In 1847 Placide Cappeau (1808-1877), a French wine merchant and an amateur poet, was asked to write a Christmas poem by a local parish priest. Shortly afterwards Cappeau traveled to Paris on a business trip and about half way through his journey, he had the inspiration for the poem Minuit, Chretiens ("Midnight Christians"). When Cappeau arrived in Paris, he took it to the composer Adolphe Adam (1803-1856), a friend of a friend. Adam, who specialized in light opera, is best remembered today for the ballet Giselle. He wrote the tune in a few days and the hymn was played for the first time at midnight mass that Christmas Eve back in his home town of Roquemaure. The carol was frowned upon by church authorities, who denounced it for lack of musical taste and "total absence of the spirit of religion." Many churchmen felt that Adam, a composer of light operatic works and ballets, was an inappropriate composer of a religious song. However within a few years the carol was being translated into other languages and in 1855, an American Unitarian clergyman John Sullivan Dwight (1813-1893), the editor of Dwight's Journal of Music, translated it into English, calling it "O Holy Night."

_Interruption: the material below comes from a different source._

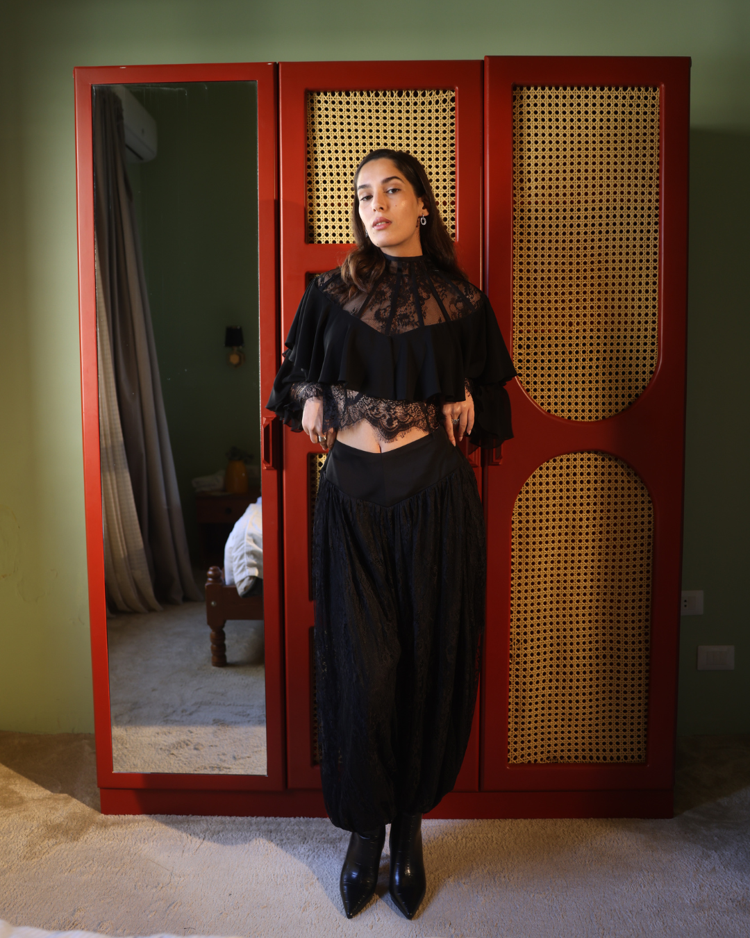 A delicate black lace set featuring fluid balloon pants. Softness, interpreted as intention — not fragility.

This carol has the distinction of being the first song ever to be played live on a radio broadcast. On December 24, 1906 a Canadian inventor, Reginald Fessenden, broadcast one of the first ever AM radio programs, and the first ever to feature entertainment and music for a general audience, from his Brant Rock, Massachusetts station. After playing Handel's "Largo" on an Ediphone phonograph, he proceeded to play "O Holy Night" on his violin, singing the last verse as he played. He finished the broadcast by reading various passages from the Gospel of Luke, before wishing his listeners a Merry Christmas.
In a 2006 poll of over 37,000 listeners, the British classical music radio station Classic FM voted this carol as the UK's Christmas favorite.

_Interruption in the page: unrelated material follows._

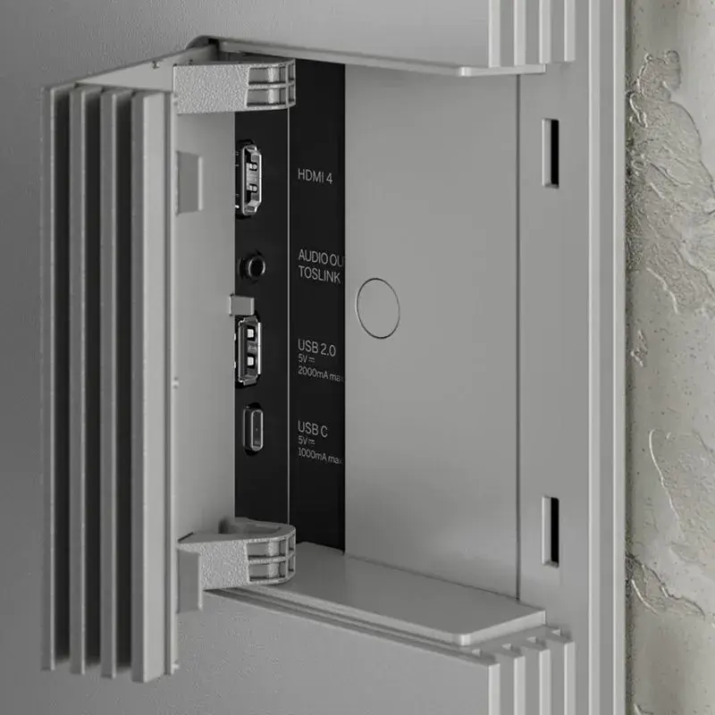 The Loewe Stellar sets standards not only in technology but also in design. With its elegant, minimalist frame and the choice of three stunning rear panel designs; concrete, lava and aluminium, it seamlessly blends into any living space, becoming the stylish centrepiece of your entertainment area. A true craft design TV from Loewe's in-house design and innovation studio. It is created with selected genuine materials sourced from Europe. All connections are well hidden, and all cables are well guided by integrated cable management and cable covers in the rear cabinet.

Clay Aiken's album Merry Christmas With Love won a Billboard Award for the Best Selling Christian Album of 2005.

In the first ever Official Carols Chart by the Official Charts Company in December 2009, it was revealed this is the most downloaded carol in the UK. Runner up was "Silent Night", followed by "Once In Royal David's City" in third place. Official Charts Company MD Martin Talbot commented: "The fact that 'O Holy Night' has beaten more familiar carols such as 'Silent Night' and 'Away In A Manger' is something of a surprise, although its success is driven by the fact that popular mainstream singers such as Celine Dion, Aled Jones and Katherine Jenkins have recorded new versions over recent years."

The carol entered the UK singles chart for the first time in 2012 with a version by the children of Ladywell Primary School in Motherwell, Scotland. Proceeds from their single went to meningitis charities and it was recorded in memory of a 6-year-old classmate who died from the illness.